We recently conducted a webinar with guest speaker Ethan Dellhime, senior vice president at Lockton Companies, the world’s largest independent insurance brokerage firm. Ethan discussed the market opportunity and how account administrators can capitalize on this growth. Following are some excerpts from our discussion.

Ethan, as administrators think about growing their account-based offerings, obviously their relationships with brokers and consultants are critical. Can you provide some insights into “Dos and Don’ts” when it comes to engaging with the likes of Lockton and other brokerage firms?

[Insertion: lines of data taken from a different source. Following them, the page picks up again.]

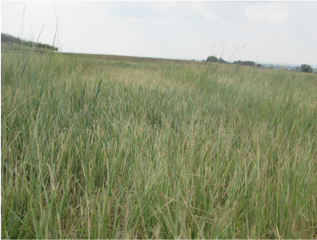
View of the vegetation on the pit floor of the East Pit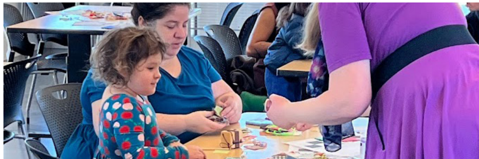
Studio and Storytime at Tacoma Art Museum.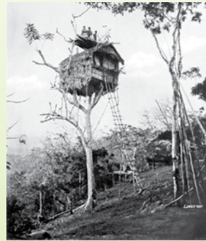
Koiari Culture: The Koiari people are known for their Dobo Tree houses

One important point raised by many of the presenters was to preserve and manage the knowledge and practices that make us unique and special. From all that have been presented, Kokoda Track Authority is proud to say that as, a Special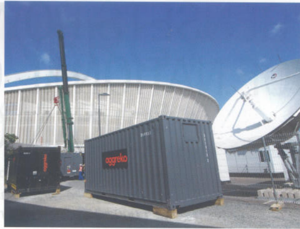
Power for broadcasting.

Aggreko also has a large contract in Uganda where it is providing temporary power while the new Bujagali hydroelectric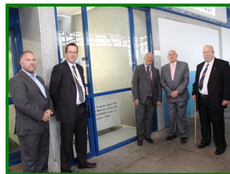
HRI 50th Anniversary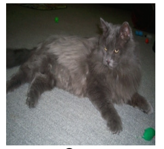
Grey Neutered male, Long-hair/dark gray DOB: Sept 4, 2003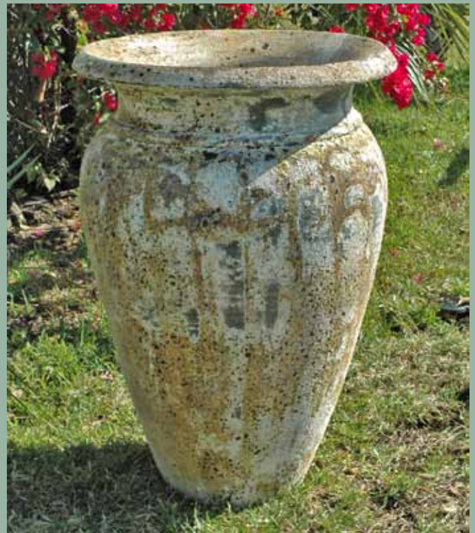
AP-46018-AD Pharaoh - Atlantis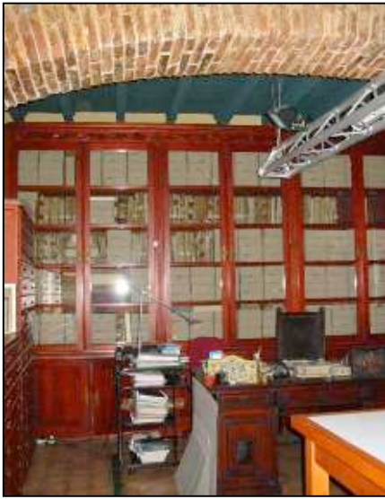
Castle archives, 2004

My former instructor, Karen, flew to Spain to re-assess the project. Earlier teams had successfully re-housed the bound volumes with bookshoes, phase boxes and drop spine boxes. Most of the flattened parchment documents had been tied between boards and placed in flat files built specifically for their storage. Most of the paper documents, however, were still tied in bundles or in the red metal boxes and there were nearly 1,500 stiffly folded parchments that were impossible to open or read.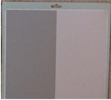
Mat Layout 2

It’s really a partnership across the board – not just between administrators and brokers, but inclusive of solution partners and employers. The broker landscape is very competitive and it’s important for administrators to understand how brokers – and by extension, our clients – like to be communicated with, and that’s directly and openly. When it comes to communication, administrators should shift away from transactional interactions to consultative engagement that is solution-based and strategic. It’s also important for administrators to understand that not all brokers are alike; in fact, while we all want to be a part of strategic conversations, many brokers are quite different from each other in terms of who they work with, the unique value proposition, and how they engage with their customers.  It’s important to take the time to get to know your broker partners to determine the best way to elevate and expand those relationships.

How should administrators identify opportunities within the groups they serve, in partnership with brokers, especially considering that employers are grappling with a number of pressing challenges – including rising healthcare costs, the war for talent, and the current economic environment?

Change is constant, and the landscape has dramatically shifted in terms of how employers are prioritizing their strategic initiatives within the employee benefits realm. It’s not just about transactional renewals; it’s about looking at the impact that strategies have on an employer’s broader business objectives. We’re seeing much more complexity and a leveraging of technology to drive efficiencies, while enhancing both employer and employee experiences. Change and complexity offer administrators the opportunity to be consultative.

What insights do brokers and employers value from their administrator partners? How can account administrators bring more value to their broker and employer relationships, in order to strengthen the relationship?

Administrators first need to understand what the broker and employer are trying to address and solve. And they need to demonstrate this understanding through offering insights, and ideally, through benchmarking performance. If an administrator can solve a big problem, we as brokers will prioritize that particular administrator and put them at the top of the recommended list.

What are the biggest changes to benefit and workforce strategies that you see due to current labor market?

This is a hyper-competitive talent landscape and we’ve seen a lot of compensation compression as a result. With the recent shift economically, more employers are starting to get somewhat apprehensive when it comes to wage increases. They’re looking at adding creative solutions on top of wages, especially around incentives like lifestyle accounts – to attract and retain talent without putting additional pressure on compensation. With the economic challenges we’ve begun to see, there’s an opportunity with these accounts to help solve for broader issues.

As a broker, how are these accounts perceived in the market?

There’s a lot of opportunity to drive literacy and engagement when it comes to HSA and FSA accounts, for example. More broadly, lifestyle accounts like commuter will be very important components in terms of employee needs, especially as workforces might move to in-office or hybrid models.